The common pitfall of incomplete data happens when an otherwise acceptable amount of data does not fully describe a problem due to the subject area being too narrow. There are two solutions to this:
- Starting a new iteration of the development in order to improve the ML system.
- Providing all expected input data at the beginning of the project. This is more of a preventative measure and therefore the more preferable solution.
This problem and its solution can be perfectly illustrated by the following project. The system we developed is designed to predict vehicles’ routes in a specific area. It helps dispatchers to understand the objects’ behavior to better analyze the situation, and increases the time available to react to accidents. The goal was to decrease the number of accidents, maintain the company’s resources, and protect the environment (reduction of accidents leads to decreased harming of nature)
The problem emerged after the project was finished. During development, the client provided only data from one specific geographic area.
After using the system in that area, the customer decided to apply it in a completely different location and I am sure, you can now see the problem clearly. Even though our system delivered better results than the old one – they were still worse than desired. And that was expected since the system wasn’t designed to adapt to different locations.
In our case, we had to launch a separate project to update the system so that it matched the project requirements.
This could have been avoided by providing all of the available input data at the start of the project.
A small amount of data provided on specific examples
Even with a high amount of available data samples, it is almost impossible to get a quality ML model if little is known about the samples.
The general solution is the same – get more data! The more the better.
Sometimes the problem can be solved by splitting the initial task into several smaller subtasks. But if that’s not an option, shifting the focus to another area and changing the project’s goal can work.

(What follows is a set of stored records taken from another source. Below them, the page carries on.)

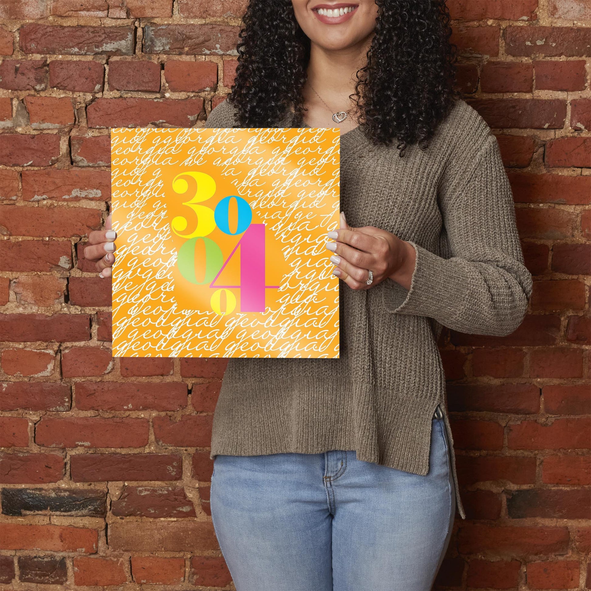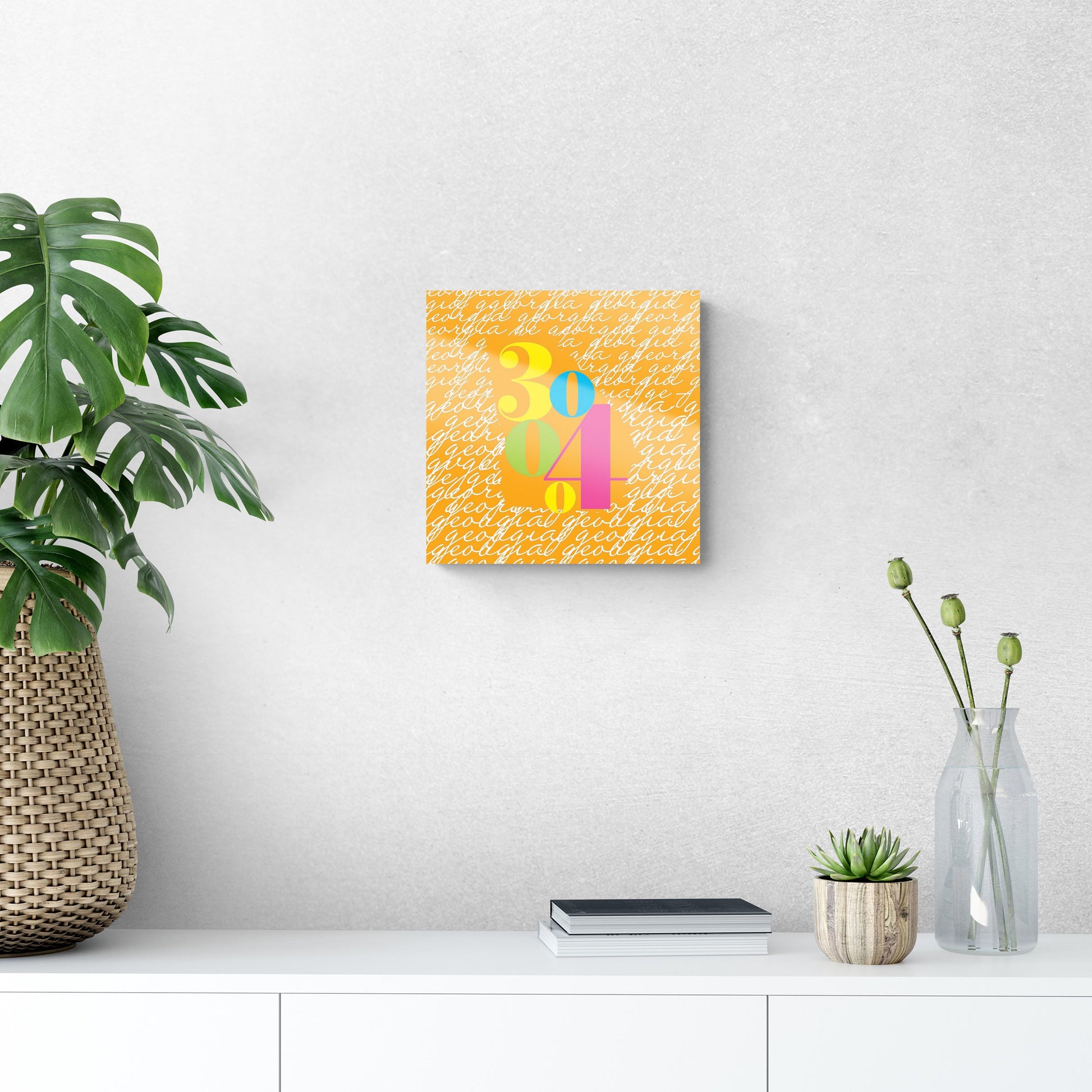 Bright Modern State Script Orange Georgia Atlanta | Hi-Def Glass Art | Eaches | Min 1
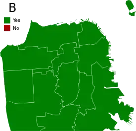 Proposition B would authorize the City to issue $248 million in bonds for the repair and improvement of streets, bicycling paths, and pedestrian and traffic infrastructure. This proposition required a two-thirds majority to pass.
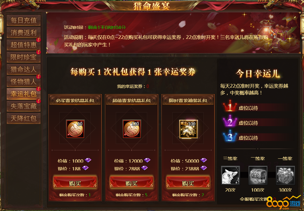 【说明】每天仅在0点~22点购买礼包可获得幸运奖券,22点准时开奖!三名幸运儿将在所有购买礼包的玩家中产生!
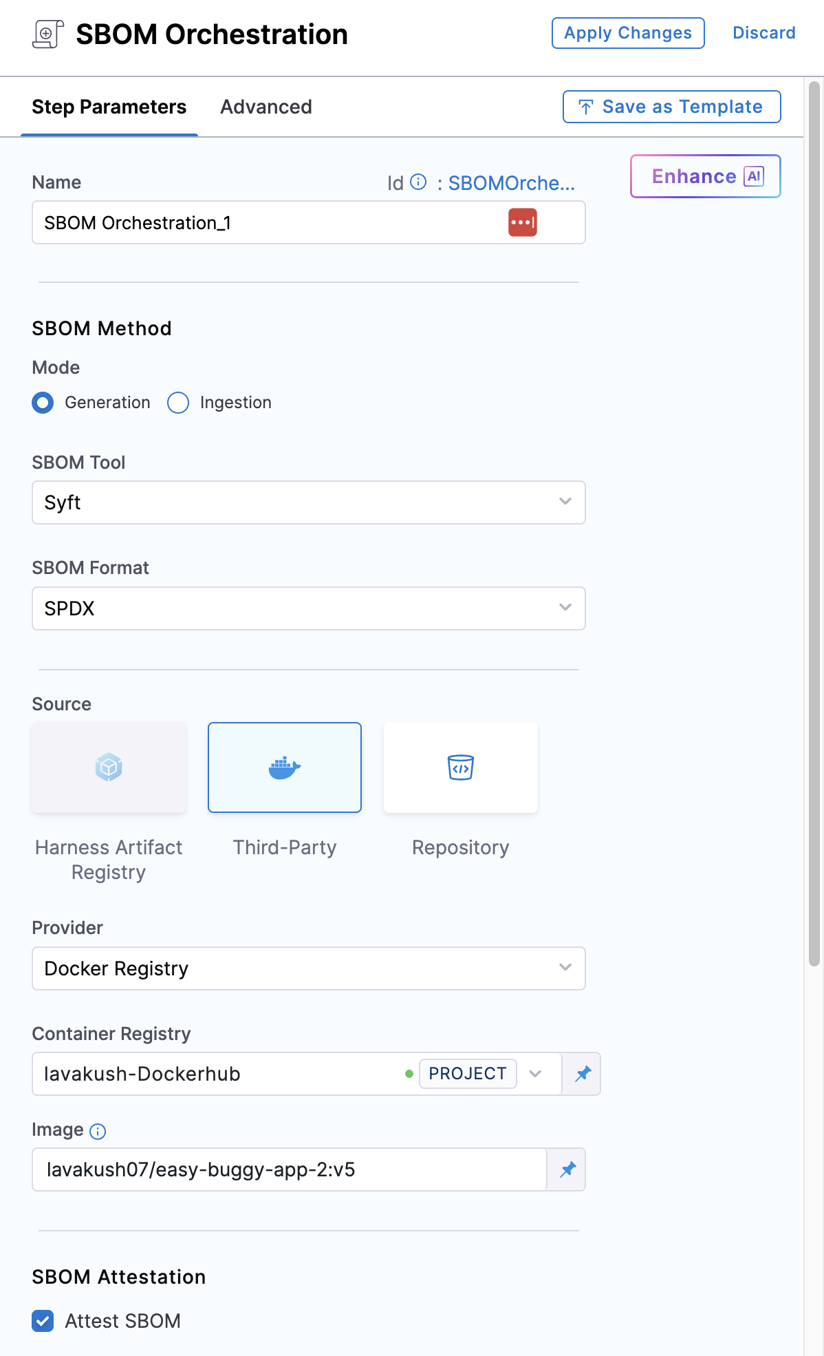To configure attestation, in addition to the above configuration, you need to enable the SBOM Attestation checkbox in the SBOM Orchestration step. Enabling SBOM Attestation is optional and not required for SBOM generation.
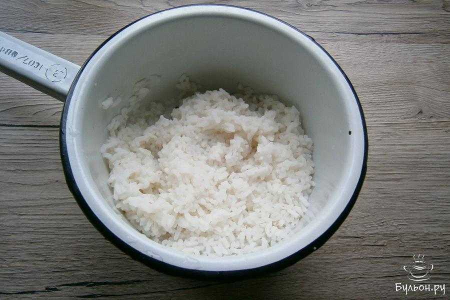 - Хорошо промойте 100 г риса под холодной проточной водой. Выложите рис в кастрюльку, залейте водой (ее должно быть в два раза больше, чем риса) и отварите до готовности (около 20 минут). Потом оставьте его остывать минут на 15.

We encountered this issue during a project for Wholesale Flights, an American boutique travel agency specializing in business and first-class airfare.
The company’s ticket-purchasing model was clear and straightforward. After browsing the web site, a potential client leaves a request. The travel manager calls him back, picks the most suitable flight options, offers related services, and seals the deal.
The business had been performing extremely well, and the sales system worked effectively until a problem arose. With the growth of the client base, managers could not keep up with the number of requests and process them on time. Conversions stopped increasing and the company risked losing customer loyalty and trust.
The initial goal was to find requests where clients were most likely to buy tickets. This turned out to be an unrealistic goal. The available data contained only a request time, country and city of departure and arrival, type and class of flight. There was absolutely no information about clients.
So, we suggested turning our attention to another area: predicting the probability of what customers are most likely to immediately pick up the phone.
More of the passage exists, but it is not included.